Exercise brief
Set down exactly the lines in the records below that run from the line with "This is a short" to the line with "李廷轩的榜书展区格外抢眼。他", inclusive, and nothing more.

The input
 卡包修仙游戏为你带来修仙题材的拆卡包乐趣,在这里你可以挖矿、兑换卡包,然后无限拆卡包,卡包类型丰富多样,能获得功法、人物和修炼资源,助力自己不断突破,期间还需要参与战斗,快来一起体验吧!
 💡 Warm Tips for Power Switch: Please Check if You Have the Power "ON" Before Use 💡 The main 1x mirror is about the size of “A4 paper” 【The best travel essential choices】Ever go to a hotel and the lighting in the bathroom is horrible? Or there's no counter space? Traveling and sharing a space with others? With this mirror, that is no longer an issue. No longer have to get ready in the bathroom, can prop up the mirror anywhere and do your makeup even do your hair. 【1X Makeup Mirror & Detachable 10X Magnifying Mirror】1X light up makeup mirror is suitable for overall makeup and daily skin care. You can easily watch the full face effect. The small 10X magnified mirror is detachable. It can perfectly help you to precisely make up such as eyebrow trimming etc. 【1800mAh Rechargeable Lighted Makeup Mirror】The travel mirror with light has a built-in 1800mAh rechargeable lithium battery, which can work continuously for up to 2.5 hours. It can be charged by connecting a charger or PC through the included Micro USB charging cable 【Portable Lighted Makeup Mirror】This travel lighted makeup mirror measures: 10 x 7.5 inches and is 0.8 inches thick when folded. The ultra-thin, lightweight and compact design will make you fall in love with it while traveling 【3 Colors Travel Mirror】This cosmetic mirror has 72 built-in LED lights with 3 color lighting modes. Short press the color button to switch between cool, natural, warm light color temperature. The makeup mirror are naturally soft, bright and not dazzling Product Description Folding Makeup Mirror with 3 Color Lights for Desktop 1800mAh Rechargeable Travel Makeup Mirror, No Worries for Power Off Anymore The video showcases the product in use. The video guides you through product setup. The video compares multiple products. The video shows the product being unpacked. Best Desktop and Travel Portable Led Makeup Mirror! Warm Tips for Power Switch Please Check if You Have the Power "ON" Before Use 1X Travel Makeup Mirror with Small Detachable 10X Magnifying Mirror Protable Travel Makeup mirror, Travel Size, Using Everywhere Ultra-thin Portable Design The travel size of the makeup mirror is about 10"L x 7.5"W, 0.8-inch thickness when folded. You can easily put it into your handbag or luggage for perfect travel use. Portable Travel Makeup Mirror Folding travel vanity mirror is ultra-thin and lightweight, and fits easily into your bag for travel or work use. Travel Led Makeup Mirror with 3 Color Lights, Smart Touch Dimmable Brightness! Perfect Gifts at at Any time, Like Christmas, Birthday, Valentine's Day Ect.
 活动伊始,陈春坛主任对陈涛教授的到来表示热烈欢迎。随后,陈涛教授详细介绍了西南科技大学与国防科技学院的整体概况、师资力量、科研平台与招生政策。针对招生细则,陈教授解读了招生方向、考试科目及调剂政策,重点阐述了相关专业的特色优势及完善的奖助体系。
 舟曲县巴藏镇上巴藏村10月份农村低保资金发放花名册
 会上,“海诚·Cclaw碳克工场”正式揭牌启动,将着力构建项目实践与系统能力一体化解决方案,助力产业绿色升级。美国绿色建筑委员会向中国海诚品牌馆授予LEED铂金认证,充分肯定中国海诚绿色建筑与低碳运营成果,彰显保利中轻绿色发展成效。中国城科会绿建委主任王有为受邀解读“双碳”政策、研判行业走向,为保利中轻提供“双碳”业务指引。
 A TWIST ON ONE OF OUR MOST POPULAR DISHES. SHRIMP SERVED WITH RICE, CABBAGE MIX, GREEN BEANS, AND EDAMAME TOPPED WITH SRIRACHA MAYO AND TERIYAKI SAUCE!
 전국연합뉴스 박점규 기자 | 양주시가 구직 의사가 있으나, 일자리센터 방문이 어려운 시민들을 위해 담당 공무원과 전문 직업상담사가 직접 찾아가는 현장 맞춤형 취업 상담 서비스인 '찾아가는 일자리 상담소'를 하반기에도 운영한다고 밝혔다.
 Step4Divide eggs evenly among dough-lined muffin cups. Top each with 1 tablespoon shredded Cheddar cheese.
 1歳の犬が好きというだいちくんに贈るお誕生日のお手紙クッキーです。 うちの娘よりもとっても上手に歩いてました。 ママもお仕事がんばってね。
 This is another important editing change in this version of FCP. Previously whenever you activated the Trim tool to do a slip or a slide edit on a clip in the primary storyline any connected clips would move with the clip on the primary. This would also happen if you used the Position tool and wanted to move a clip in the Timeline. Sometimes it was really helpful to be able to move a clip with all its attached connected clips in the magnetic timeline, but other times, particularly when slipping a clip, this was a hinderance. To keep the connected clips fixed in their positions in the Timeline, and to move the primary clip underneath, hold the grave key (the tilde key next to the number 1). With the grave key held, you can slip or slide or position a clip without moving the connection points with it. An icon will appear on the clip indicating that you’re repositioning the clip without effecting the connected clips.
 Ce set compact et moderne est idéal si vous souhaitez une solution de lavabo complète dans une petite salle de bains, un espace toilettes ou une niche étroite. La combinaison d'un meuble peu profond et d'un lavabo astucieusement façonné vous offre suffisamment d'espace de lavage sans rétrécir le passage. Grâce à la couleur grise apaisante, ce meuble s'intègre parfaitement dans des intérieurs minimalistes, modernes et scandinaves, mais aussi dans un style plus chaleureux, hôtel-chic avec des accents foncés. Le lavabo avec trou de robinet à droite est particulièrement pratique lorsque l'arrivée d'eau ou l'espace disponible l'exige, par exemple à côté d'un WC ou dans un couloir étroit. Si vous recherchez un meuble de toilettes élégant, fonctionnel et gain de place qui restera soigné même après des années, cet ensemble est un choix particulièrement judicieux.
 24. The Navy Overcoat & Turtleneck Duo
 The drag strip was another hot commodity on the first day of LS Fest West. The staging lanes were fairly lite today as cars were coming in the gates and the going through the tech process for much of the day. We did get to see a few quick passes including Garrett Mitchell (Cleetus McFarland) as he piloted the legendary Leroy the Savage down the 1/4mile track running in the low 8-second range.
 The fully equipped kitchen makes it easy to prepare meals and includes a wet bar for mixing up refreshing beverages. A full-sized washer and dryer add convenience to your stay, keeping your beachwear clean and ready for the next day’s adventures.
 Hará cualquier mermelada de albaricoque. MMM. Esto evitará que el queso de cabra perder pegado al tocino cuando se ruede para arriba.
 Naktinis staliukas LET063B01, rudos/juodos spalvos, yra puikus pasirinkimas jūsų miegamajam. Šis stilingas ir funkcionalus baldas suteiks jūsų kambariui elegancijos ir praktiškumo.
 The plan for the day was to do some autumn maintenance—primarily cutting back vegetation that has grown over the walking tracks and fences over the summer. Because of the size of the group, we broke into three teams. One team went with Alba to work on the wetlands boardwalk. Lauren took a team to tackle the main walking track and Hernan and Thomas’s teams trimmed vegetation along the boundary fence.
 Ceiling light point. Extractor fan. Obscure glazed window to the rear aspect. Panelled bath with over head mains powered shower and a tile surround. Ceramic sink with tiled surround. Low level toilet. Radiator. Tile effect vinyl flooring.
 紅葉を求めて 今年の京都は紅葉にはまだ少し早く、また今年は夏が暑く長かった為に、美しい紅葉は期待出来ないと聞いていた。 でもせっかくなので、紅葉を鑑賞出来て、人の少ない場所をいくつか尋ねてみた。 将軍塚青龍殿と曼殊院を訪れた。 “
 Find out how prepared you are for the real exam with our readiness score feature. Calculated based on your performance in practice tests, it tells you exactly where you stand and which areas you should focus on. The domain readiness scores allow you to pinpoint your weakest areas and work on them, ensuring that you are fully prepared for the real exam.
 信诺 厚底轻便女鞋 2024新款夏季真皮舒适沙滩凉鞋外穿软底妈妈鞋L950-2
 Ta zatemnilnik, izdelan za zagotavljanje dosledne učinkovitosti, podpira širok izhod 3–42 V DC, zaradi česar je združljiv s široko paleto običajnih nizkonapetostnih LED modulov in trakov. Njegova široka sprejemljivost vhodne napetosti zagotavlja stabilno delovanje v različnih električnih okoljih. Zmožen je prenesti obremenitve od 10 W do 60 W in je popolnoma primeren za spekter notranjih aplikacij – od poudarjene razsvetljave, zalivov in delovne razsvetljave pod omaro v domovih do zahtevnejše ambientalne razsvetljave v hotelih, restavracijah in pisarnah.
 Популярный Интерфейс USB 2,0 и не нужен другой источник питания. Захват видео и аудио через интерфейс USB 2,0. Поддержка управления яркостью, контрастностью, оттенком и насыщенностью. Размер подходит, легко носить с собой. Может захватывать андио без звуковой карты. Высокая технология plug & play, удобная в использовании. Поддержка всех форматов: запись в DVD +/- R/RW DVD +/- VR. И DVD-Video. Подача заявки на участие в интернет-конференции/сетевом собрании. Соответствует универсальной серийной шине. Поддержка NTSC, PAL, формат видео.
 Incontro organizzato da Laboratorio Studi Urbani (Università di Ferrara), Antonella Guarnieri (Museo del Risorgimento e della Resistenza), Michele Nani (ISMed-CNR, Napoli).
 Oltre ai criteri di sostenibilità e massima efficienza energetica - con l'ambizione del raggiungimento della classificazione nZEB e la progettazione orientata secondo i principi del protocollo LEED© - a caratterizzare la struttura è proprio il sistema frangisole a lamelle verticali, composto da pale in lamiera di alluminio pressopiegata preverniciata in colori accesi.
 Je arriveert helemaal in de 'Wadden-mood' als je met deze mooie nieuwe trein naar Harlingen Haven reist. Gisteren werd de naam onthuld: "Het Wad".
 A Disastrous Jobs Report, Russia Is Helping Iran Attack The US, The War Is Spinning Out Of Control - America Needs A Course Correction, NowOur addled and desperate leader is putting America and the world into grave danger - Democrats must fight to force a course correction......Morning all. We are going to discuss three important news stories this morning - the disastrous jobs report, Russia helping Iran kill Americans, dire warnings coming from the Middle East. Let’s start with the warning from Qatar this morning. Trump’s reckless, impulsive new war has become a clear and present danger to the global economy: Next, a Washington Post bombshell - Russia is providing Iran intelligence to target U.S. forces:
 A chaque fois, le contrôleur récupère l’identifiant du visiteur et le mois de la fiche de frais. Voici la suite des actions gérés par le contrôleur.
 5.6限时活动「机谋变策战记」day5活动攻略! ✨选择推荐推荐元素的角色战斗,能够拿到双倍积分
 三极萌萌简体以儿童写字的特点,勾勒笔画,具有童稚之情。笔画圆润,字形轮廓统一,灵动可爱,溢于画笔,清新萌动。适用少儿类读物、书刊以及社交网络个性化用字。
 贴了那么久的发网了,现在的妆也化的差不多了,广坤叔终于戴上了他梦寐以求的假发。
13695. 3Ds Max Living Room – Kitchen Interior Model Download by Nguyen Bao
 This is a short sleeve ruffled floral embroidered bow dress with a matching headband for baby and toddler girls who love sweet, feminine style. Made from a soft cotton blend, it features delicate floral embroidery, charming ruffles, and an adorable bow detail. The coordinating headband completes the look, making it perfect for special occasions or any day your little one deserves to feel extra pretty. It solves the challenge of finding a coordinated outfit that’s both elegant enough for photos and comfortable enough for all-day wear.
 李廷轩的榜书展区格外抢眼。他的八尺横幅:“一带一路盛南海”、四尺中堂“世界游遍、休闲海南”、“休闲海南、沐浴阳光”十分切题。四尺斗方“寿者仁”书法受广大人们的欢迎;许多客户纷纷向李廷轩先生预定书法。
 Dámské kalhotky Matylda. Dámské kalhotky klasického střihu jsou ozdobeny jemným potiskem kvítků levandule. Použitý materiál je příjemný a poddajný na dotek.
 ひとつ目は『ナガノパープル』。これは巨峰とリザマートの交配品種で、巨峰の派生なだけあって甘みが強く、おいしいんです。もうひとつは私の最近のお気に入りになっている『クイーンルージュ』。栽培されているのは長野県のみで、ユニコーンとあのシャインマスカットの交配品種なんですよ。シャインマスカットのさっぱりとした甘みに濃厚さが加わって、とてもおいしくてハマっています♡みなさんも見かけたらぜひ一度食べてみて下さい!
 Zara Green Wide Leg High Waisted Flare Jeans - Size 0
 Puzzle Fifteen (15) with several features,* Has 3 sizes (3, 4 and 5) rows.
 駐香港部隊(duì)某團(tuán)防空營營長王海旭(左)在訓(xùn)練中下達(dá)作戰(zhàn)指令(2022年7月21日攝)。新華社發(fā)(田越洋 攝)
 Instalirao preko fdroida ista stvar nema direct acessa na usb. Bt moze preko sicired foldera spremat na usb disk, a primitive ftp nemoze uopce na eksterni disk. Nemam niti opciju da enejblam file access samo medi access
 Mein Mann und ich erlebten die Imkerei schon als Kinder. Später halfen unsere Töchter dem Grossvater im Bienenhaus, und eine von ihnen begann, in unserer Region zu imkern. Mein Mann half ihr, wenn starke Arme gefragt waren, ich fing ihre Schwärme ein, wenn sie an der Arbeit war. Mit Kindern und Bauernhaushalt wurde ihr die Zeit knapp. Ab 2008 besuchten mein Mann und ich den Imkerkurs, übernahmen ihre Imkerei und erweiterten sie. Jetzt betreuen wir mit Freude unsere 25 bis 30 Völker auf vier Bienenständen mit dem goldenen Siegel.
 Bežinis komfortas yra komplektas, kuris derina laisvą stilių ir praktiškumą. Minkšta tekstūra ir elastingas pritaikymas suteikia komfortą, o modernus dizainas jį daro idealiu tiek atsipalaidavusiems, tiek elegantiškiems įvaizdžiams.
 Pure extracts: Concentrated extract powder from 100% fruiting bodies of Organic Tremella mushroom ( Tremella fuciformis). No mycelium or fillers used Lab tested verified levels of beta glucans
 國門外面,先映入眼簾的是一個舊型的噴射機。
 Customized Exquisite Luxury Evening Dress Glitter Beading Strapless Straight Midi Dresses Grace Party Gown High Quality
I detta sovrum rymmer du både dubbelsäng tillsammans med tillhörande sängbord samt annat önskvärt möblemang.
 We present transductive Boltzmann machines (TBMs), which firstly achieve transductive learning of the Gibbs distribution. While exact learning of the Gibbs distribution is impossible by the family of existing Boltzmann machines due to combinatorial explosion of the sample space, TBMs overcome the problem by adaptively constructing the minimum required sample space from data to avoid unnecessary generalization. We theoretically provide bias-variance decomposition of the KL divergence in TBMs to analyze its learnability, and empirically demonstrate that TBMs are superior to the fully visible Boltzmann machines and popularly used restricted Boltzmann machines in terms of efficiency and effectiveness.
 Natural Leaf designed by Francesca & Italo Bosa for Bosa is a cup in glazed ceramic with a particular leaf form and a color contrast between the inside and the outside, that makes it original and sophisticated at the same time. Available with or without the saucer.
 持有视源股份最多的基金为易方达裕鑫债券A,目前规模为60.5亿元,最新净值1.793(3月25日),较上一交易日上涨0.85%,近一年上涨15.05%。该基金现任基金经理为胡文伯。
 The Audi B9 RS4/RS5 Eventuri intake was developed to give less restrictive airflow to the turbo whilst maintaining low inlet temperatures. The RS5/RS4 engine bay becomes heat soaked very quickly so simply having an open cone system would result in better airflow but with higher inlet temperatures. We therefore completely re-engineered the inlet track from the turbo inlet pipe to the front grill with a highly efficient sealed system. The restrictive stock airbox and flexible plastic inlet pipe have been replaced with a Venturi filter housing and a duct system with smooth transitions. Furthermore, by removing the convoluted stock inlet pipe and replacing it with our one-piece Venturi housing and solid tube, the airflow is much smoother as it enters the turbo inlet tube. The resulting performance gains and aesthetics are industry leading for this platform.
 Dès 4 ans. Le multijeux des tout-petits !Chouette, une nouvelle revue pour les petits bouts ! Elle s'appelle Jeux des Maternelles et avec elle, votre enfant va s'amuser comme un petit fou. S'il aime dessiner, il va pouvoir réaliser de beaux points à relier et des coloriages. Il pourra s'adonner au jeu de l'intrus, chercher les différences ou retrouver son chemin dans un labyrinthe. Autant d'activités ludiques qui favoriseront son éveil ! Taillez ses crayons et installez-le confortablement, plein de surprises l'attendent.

Written answer
 This is a short sleeve ruffled floral embroidered bow dress with a matching headband for baby and toddler girls who love sweet, feminine style. Made from a soft cotton blend, it features delicate floral embroidery, charming ruffles, and an adorable bow detail. The coordinating headband completes the look, making it perfect for special occasions or any day your little one deserves to feel extra pretty. It solves the challenge of finding a coordinated outfit that’s both elegant enough for photos and comfortable enough for all-day wear.
 李廷轩的榜书展区格外抢眼。他的八尺横幅:“一带一路盛南海”、四尺中堂“世界游遍、休闲海南”、“休闲海南、沐浴阳光”十分切题。四尺斗方“寿者仁”书法受广大人们的欢迎;许多客户纷纷向李廷轩先生预定书法。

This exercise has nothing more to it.